Richard M. Ehrlich is a surgeon and photographer. Born in New York City on March 12, 1938, he obtained a BA in 1959 from Cornell University, where he was a member of the Quill and Dagger society. He has been a professor and physician for over 40 years, and has been recognized as a fine art photographer. The New York Times said his photographs "suggest ephemerality from a broader historical perspective" and that they "look like staged fantasies".

Career
In 1963, he obtained his medical degree from Cornell University Medical College, with an internship and surgical residency at the New York Hospital-Cornell Medical Center followed by a residency in urology at Columbia Presbyterian Medical Center from 1965–1969. He served as a Major in the United States Air Force from 1969–1971.

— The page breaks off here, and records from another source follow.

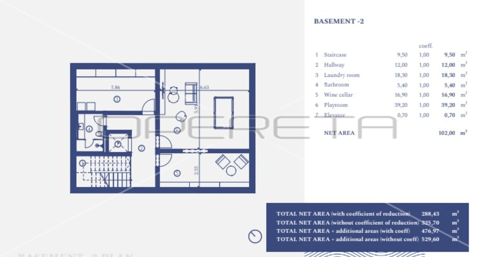 Vila 44 je na 5 etaža ima lift. Sadrži 4 spavaće sobe, studio sobu, 5 kupaona, otvoreni dnevni boravak s fantastičnim pogledom na more, dva garažna mjesta, infiniti krovni bazen i terasu sa vanjskom kuhinjom, te vrt.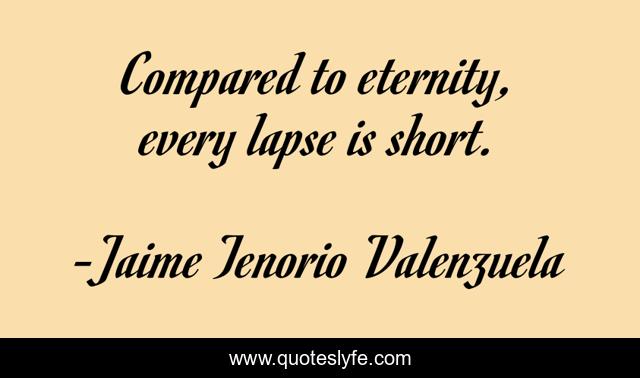 This page presents the quote "Compared to eternity, every lapse is short.". Author of this quote is Jaime Tenorio Valenzuela. This quote is about eternity, short,.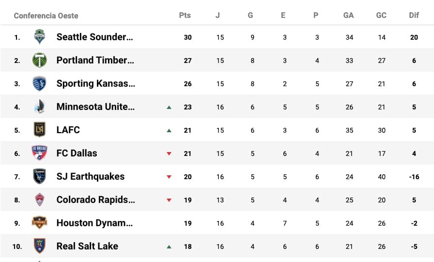 En el Oeste todo sale a pedir de boca de los dos equipos fuertes de la región de Cascadia. Los Sounders no tuvieron problemas para superar por 2-1 a Real Salt Lake y mantienen la primera posición (30 puntos), mientras que Portland Timbers se aferra al segundo lugar (27), merced a la brillante goleada como visitante por 6-3 ante LA Galaxy.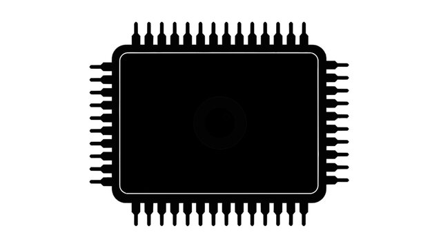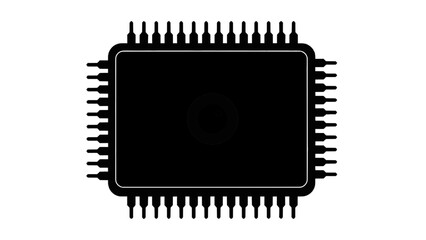Vector illustration of closeup of a black computer microchip with a white eye symbol in the center on a transparent background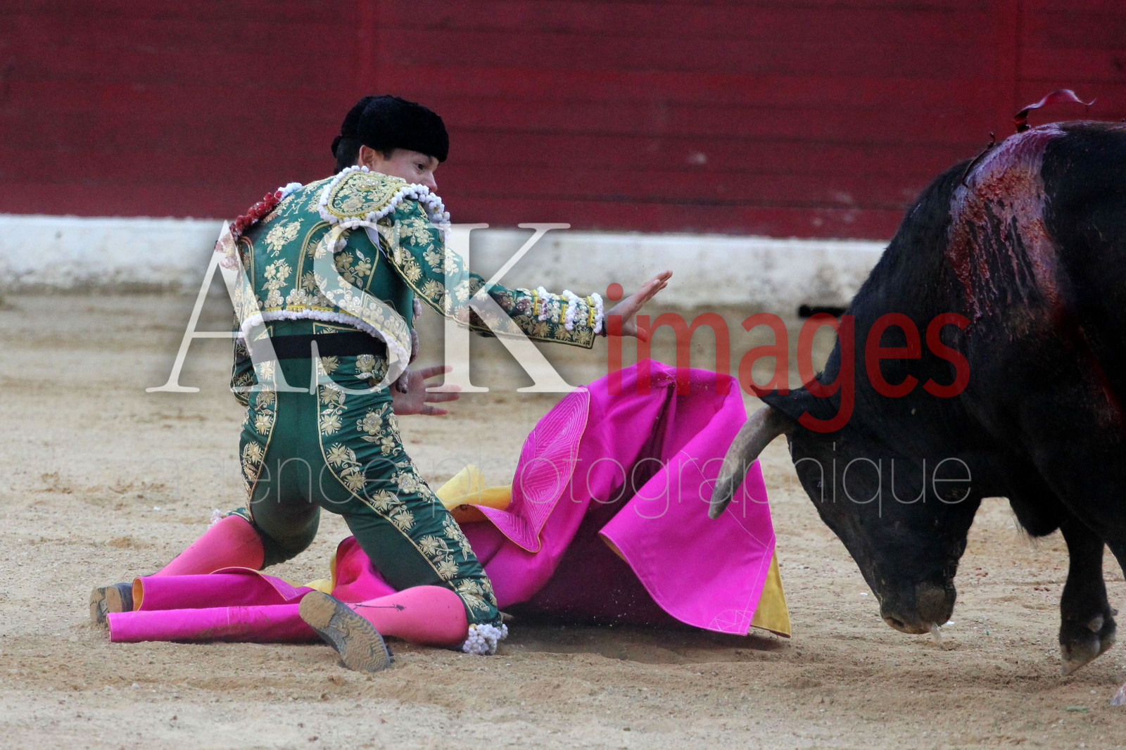 | Description | europe, france, aquitaine, landes, air sur l adour, les accidents peuvent etre tres violant comme ici avec le jeune matador, manolo vanegas pendant les novilladas de la madeleine de aire sur l adour, le taureau lui est rentrer literalement dedant |

He held a research Fellowship at the National Institute of Health sponsored by Columbia University in 1966-67 and a Senior Research Fellowship in 1969. He was admitted as a Fellow to the American College of Surgeons in 1974.

Ehrlich held multiple teaching positions at the University of California School of Medicine from 1971, becoming a Professor Emeritus of Urology in 2012. He is certified by the National Board of Medical Examiners and the American Board of Urology.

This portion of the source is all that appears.